A few T/N's for NB7.x, but they are still relevant:
Logs for troubleshooting frozen media
http://www.symantec.com/business/support/index?page=content&id=HOWTO33178
Frozen media troubleshooting considerations
http://www.symantec.com/business/support/index?page=content&id=HOWTO33061
About conditions that cause media to freeze
http://www.symantec.com/business/support/index?page=content&id=HOWTO33062
06-13-2011 09:31 AM
I understand why the tape was fozen, it had 3 write erros within the default 12 hr window. What I don't see from the logs OS or Netbakup is a statement saying the tape was frozen.
Another example when I checked frozen tapes today I had one 701922 that was frozen on the 12th becaues it had 3 POSITION ERRORS. checked the the log files (bptm) (errors) (syslog.log), see the errors in bptm, see the errors in the errors log file.

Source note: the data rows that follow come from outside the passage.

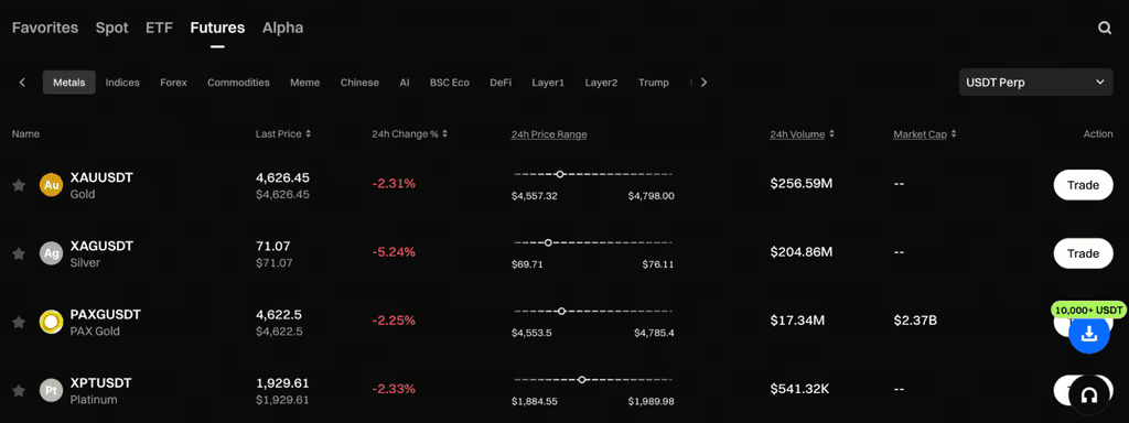 デジタルトレーディング・プラットフォームの発展により、貴金属市場への参加方法もより多様になっています。Gate 金属専用エリアでは、金と銀の無期限先物契約の取引を提供しており、投資家はより柔軟に市場の変動に参加できます。
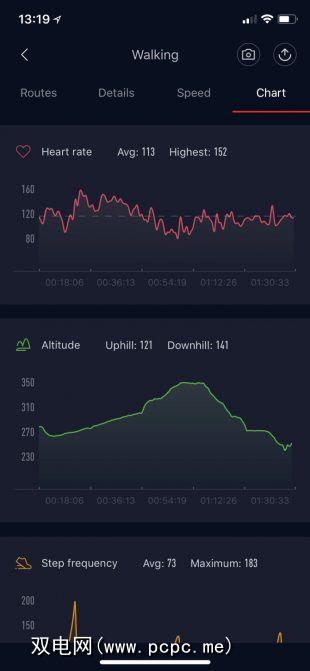 在极少数情况下,心率传感器可能会发生故障。如果频段紧紧,效果会更好。因此,如果该数据对您很重要,建议您在进行活动之前将其紧紧固定。通常,我发现它是可靠的,如从上图中可以看到的,只有几次传感器无法读数,可能是因为表带太松或缠绕在我的手臂上。
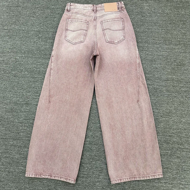 กางเกงยีนส์ OEM ขายส่ง กางเกงยีนส์สีม่วงพิมพ์ลายขาดๆ สไตล์ฮิปฮอป สำหรับผู้ชาย รับทำโลโก้ตามสั่ง
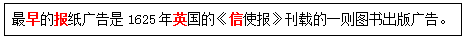 最早的报纸广告是1625年英国的《( )》刊载的一则图书出版广告。 作者:高老师 时间:2024-08-06 浏览 0 最早的报纸广告是1625年英国的《( )》刊载的一则图书出版广告。【正确答案】:信使报【题目解析】:助记:早报音(英)信。 📱 扫码体验刷题小程序 扫一扫使用我们的微信小程序
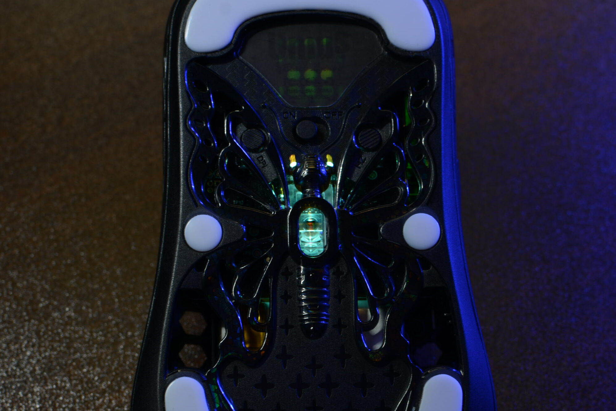 ボタンを押すと後述する蝶の目の部分が任意の色で光ります。

But again no message saying that the tape is being frozen because of the errors.
06-13-2011 10:37 AM
The process that freezes a tape, or downs a drive is ltid.
The log is
/usr/openv/volmgr/debug/ltid (create the directory)
To set verbose, add
VERBOSE
into the /usr/openv/volmgr/vm.conf file There is no number after VERBOSE, just the word.
I would create these to set up a reasonable log collection for media manager operations:
mkdir /usr/openv/volmgr/debug/ltid
mkdir /usr/openv/volmgr/debug/tpcommand
mkdir /usr/openv/volmgr/debug/ltid/robots
Create these empty files :
/usr/openv/volmgr/DRIVE_DEBUG and ROBOT_DEBUG
Restart ltid
stopltid
ltid -v
The touch files will increase the drive/ robots messages in the system log.
Martin
06-13-2011 11:49 AM
I have noticed the changed logging behaviour since NBU 6.x - up and until NBU 5.1, I could simply run a 'bperror -media -hoursago |grep -i freez' on a daily basis on the master and catch all tapes being frozen on all media servers.
bperror/Tape Logs report will still log errors like these:
FREEZING media id B02176, it is write protected and cannot be used for backups
FREEZING media id B02696, it is write protected and cannot be used for backups
FREEZING media id B02970, too many data blocks written, check tape/driver block size configuration
These tapes were also frozen, but the Media Log report contains ONLY the TapeAlert (the TapeAlert code is supposed to tell us that the tape has been frozen - as per the TapeAlert codes in Admin Guide II):
TapeAlert Code: 0x08, Type: Warning, Flag: NOT DATA GRADE, from drive IBM.ULTRIUM-TD2.005 (index 5), Media Id BO1826
TapeAlert Code: 0x0e, Type: Critical, Flag: UNREC. MECH. CARTRIDGE FAILURE, from drive IBM.ULTRIUM-TD2.011 (index 14), Media Id B94543
TapeAlert Code: 0x04, Type: Critical, Flag: MEDIA, from drive IBM.ULTRIUM-TD2.011 (index 14), Media Id B04829
07-11-2011 10:57 AM
Added VERBOSE to the vm.conf file and added the empty DRIVE_DEBUG and ROBOT_DEBUG files. Ltid will be stopped and started when our weekly maintenace is done which will be on Thursday.
07-11-2011 11:58 AM
If you have NOM you can setup an alert to tell you when a tapes is frozen.